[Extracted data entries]
++++

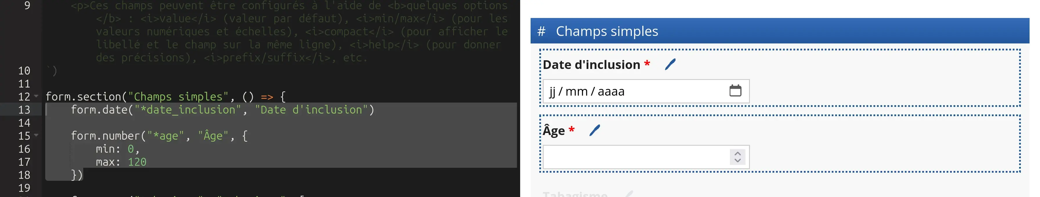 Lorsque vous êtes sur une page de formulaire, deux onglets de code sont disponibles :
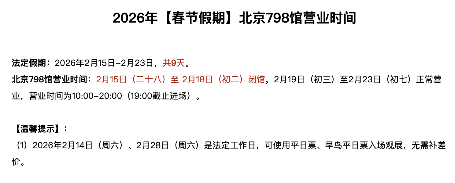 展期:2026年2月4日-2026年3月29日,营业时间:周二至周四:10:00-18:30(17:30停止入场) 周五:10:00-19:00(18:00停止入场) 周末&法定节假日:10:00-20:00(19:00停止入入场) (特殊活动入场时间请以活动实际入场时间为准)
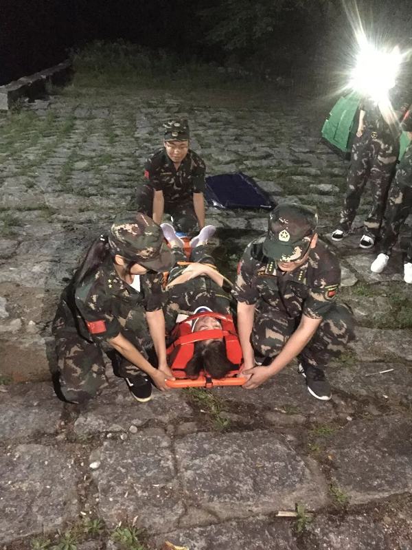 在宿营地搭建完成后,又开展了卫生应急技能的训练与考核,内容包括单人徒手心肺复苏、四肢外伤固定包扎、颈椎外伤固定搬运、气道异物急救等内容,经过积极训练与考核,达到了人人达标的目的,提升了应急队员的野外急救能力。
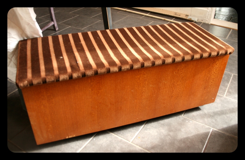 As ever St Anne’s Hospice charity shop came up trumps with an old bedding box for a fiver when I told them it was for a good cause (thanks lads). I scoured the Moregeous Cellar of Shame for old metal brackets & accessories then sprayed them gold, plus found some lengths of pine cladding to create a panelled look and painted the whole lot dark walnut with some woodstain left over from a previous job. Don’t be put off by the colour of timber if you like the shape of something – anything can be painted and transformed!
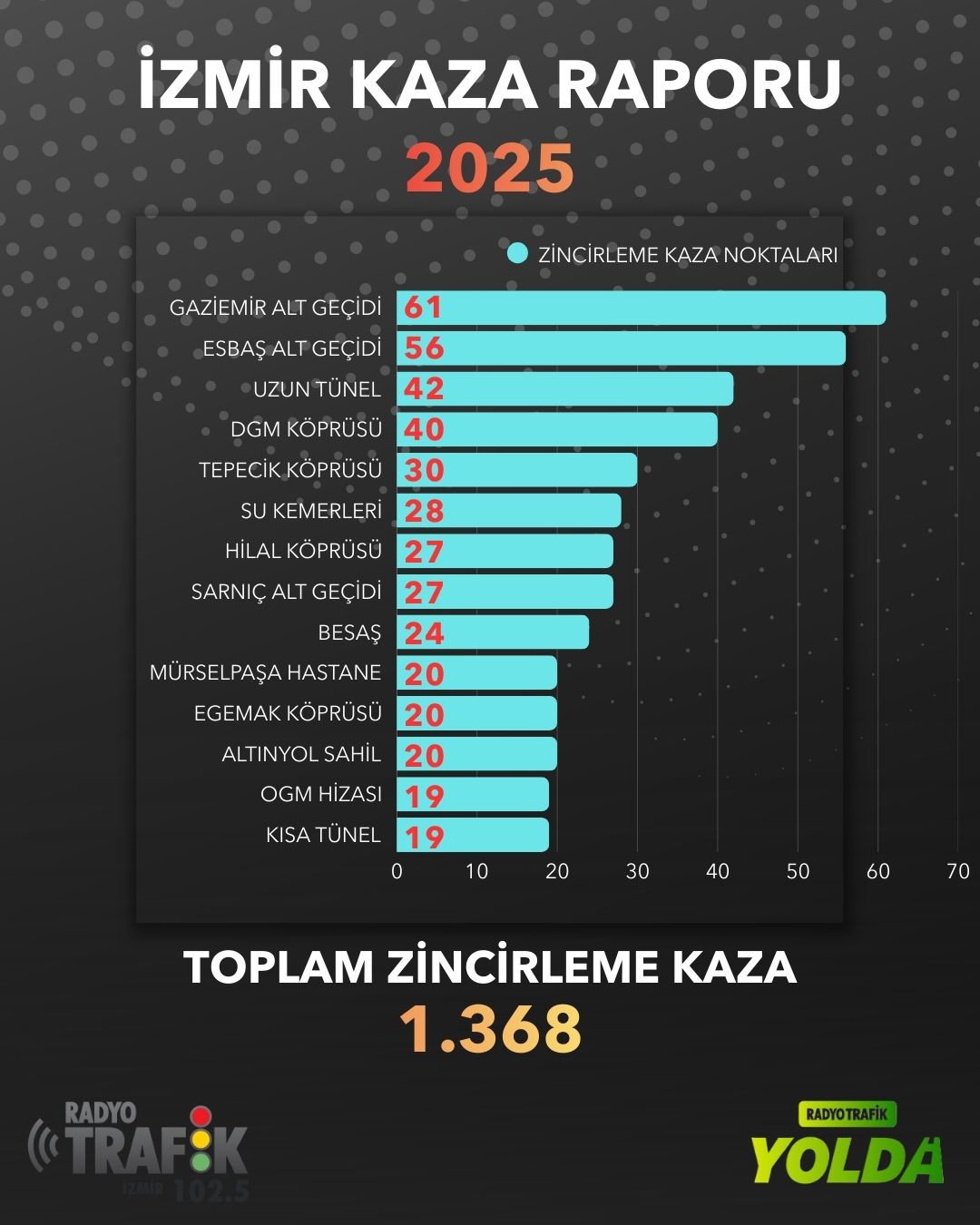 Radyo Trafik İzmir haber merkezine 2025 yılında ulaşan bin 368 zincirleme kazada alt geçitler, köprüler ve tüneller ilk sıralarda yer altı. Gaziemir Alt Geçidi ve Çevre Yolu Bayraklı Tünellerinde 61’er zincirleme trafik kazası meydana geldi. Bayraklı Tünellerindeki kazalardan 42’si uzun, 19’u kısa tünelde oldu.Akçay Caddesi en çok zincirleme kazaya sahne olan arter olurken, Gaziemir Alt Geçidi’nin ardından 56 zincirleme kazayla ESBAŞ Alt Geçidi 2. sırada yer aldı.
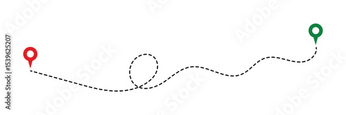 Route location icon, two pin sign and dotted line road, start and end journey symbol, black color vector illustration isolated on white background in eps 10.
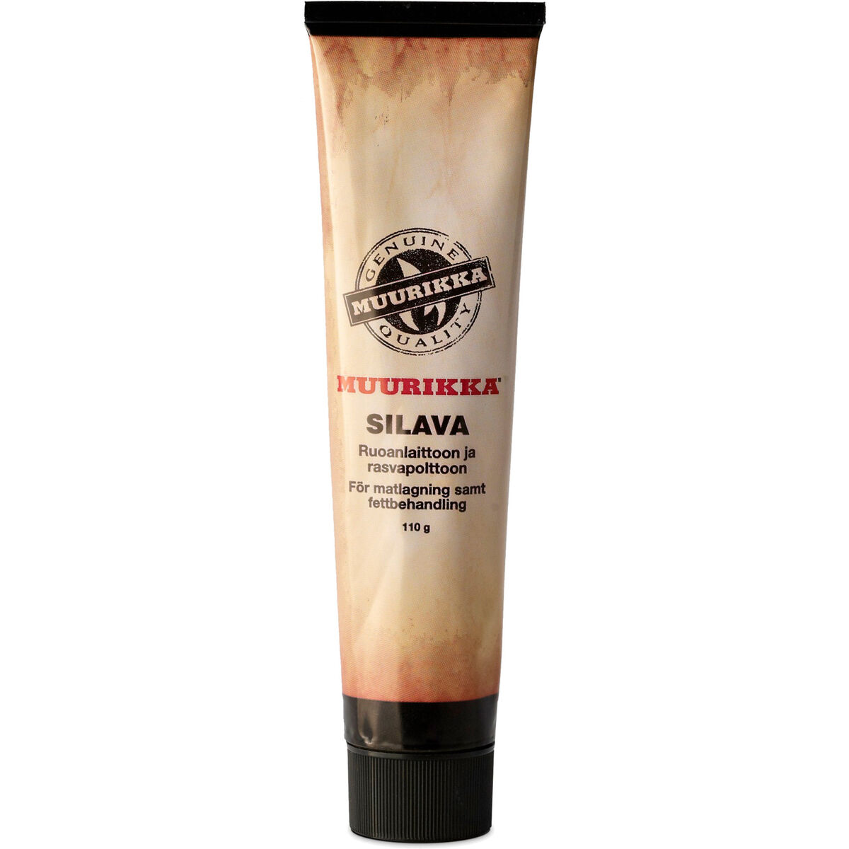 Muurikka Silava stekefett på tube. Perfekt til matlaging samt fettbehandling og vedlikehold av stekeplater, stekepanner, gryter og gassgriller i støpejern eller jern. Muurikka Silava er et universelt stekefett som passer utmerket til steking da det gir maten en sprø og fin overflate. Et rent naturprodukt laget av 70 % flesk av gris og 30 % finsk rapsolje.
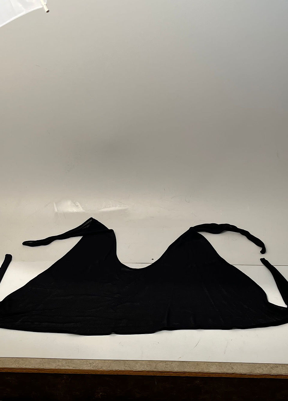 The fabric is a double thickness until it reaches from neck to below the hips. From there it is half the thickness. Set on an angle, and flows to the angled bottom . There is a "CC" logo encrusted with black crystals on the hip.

++++

- **DIRECTIONS FOR THIS TASK**: Write out exactly the lines from the one containing "Muurikka Silava stekefett" through the end of the entries, both included. Pictures are not copied.

- **YOUR SOLUTION**:
 Muurikka Silava stekefett på tube. Perfekt til matlaging samt fettbehandling og vedlikehold av stekeplater, stekepanner, gryter og gassgriller i støpejern eller jern. Muurikka Silava er et universelt stekefett som passer utmerket til steking da det gir maten en sprø og fin overflate. Et rent naturprodukt laget av 70 % flesk av gris og 30 % finsk rapsolje.
 The fabric is a double thickness until it reaches from neck to below the hips. From there it is half the thickness. Set on an angle, and flows to the angled bottom . There is a "CC" logo encrusted with black crystals on the hip.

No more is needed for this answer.